Томас Манн
Шрифт:
Из черновика «Попытки примирения», 30 декабря 1917 года: «В моих публичных выступлениях нет слова «я», и поэтому нет и «брата». Они направлены вширь... и посвящены только идее. Любовь к человечеству (политически говоря: европейская демократия) — это, конечно, любовь к идее; но кто способен к такой сердечной щедрости вширь, тот чаще и в узком щедр сердцем. «Доброты человека к человеку» требует пьеса, за которую я сразу же после генеральной репетиции выразил свою горячую симпатию ее автору — Демелю... За всем твоим творчеством я наблюдал с искренним желанием понять его и прочувствовать... Если твоя экстремистская позиция в войне удивила тебя самого, то я мог предвидеть ее. Это знание не мешало мне часто любить твое творчество. В своем протесте, названном «Золя», я выступал против тех, кто — так это виделось мне — выскакивал вперед, принося вред. Не против тебя только, против легиона. Вместо легиона сегодня лишь кучка отчаявшихся; ты сам пишешь уныло, и последний твой довод — это, выходит, только упрек в братоненавистничестве?..

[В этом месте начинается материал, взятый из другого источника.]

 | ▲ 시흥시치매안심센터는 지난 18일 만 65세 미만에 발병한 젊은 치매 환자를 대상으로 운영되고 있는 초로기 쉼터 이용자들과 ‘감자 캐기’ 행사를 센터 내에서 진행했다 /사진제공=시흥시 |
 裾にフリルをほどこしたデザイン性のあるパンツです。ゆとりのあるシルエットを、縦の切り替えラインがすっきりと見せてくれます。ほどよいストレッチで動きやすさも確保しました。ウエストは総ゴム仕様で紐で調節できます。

На это Томас ответил 3 января: «Что после поистине французских колкостей, измышлений, оскорблений этой блистательной поделки, уже вторая фраза которой была бесчеловечным эксцессом, ты счел возможным, хотя это «казалось безнадежным», «искать сближения», доказывает всю беспечность того, кто «щедр сердцем вширь»... Не затем я два года страдал и боролся, не затем исследовал себя, сравнивал и утверждал, чтобы в ответ на письмо... каждая строчка которого продиктована только чувством нравственной защищенности и уверенности в правоте, броситься, рыдая, тебе на грудь.

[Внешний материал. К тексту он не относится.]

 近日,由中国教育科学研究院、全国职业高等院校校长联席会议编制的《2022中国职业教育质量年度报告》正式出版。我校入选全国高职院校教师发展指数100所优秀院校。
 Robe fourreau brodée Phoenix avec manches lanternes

Ты и те, что с тобой, вы называете меня паразитом. Пускай!.. Большой бюргерский художник, Адальберт Штифтер, сказал в одном письме: «Мои книги — это не только поэтические произведения: как нравственные откровения, как свидетельства серьезно и строго хранимого человеческого достоинства, они обладают ценностью более долговечной, чем поэтическая». Я имею право повторить это вслед за ним, и тысячи людей, которым я помогал жить — хотя и не декламировал contrat social 28 , приложив одну руку к сердцу, а другую воздев горе, — видят его, это право.
28
«Общественный договор» (франц.) — название трактата Руссо.

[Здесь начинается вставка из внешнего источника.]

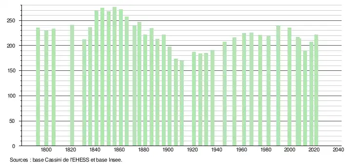 L'évolution du nombre d'habitants est connue à travers les recensements de la population effectués dans la commune depuis 1793. Pour les communes de moins de 10 000 habitants, une enquête de recensement portant sur toute la population est réalisée tous les cinq ans, les populations légales des années intermédiaires étant quant à elles estimées par interpolation ou extrapolation[20]. Pour la commune, le premier recensement exhaustif entrant dans le cadre du nouveau dispositif a été réalisé en 2007[21].
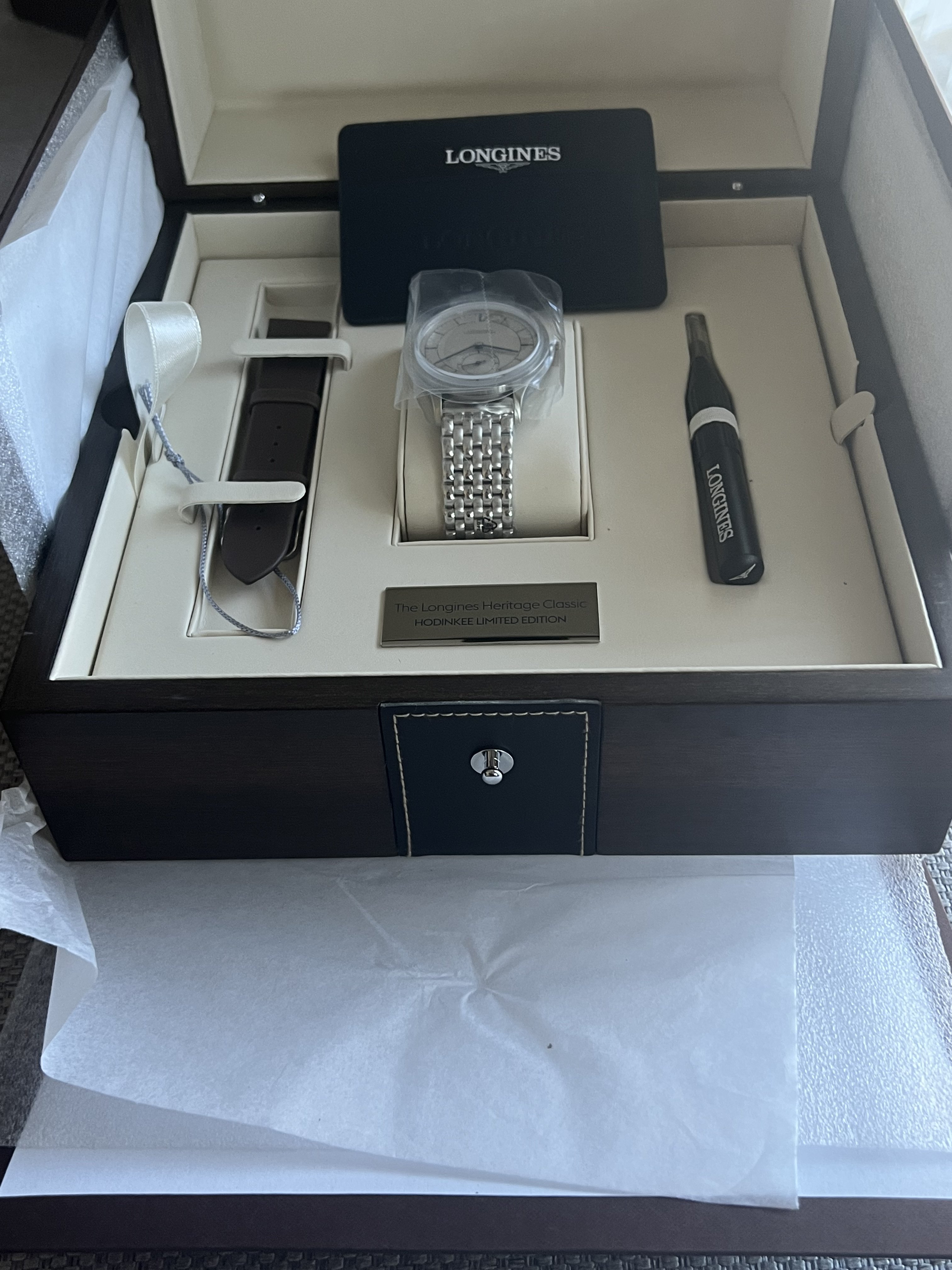 so I had the intention of keeping this watch but picked up some other watches that I have been looking for. So I have to let this one go. This is the limited edition of 500 with Longines and hodinkee. I haven’t even taken off the plastic to the watch. So the person will be getting it exactly as I bought. Brand spanking new. My asking is what I paid for it. 2675 usd. I just want to net what I paid. Buyer to cover shipping. Plenty of references available upon request. Watch is located in Fort Lauderdale Florida.

Ты — нет. Ты не в состоянии видеть право и этический уклад моей жизни, потому что ты мой брат. Почему никто, ни Гауптман, ни Демель, воспевавший даже немецких коней,... не отнес на свой счет нападок из очерка о Золя? Почему этот очерк был всей своей бурной полемикой нацелен на меня? Братское мироощущение вынудило тебя к этому. Тому же Демелю, который после моей статьи в «Нейе рундшау» (речь идет о статье «Мысли во время войны». — С. А.) прислал мне из окопов благодарное поздравление, ты можешь на правах близкого друга, которого приглашают на генеральные репетиции, выказывать горячую симпатию, и он может отвечать тебе тем же; ибо вы хоть и очень разные натуры, но не братские, и потому вы можете с ним ужиться. Пусть же завершится трагедия нашего братства.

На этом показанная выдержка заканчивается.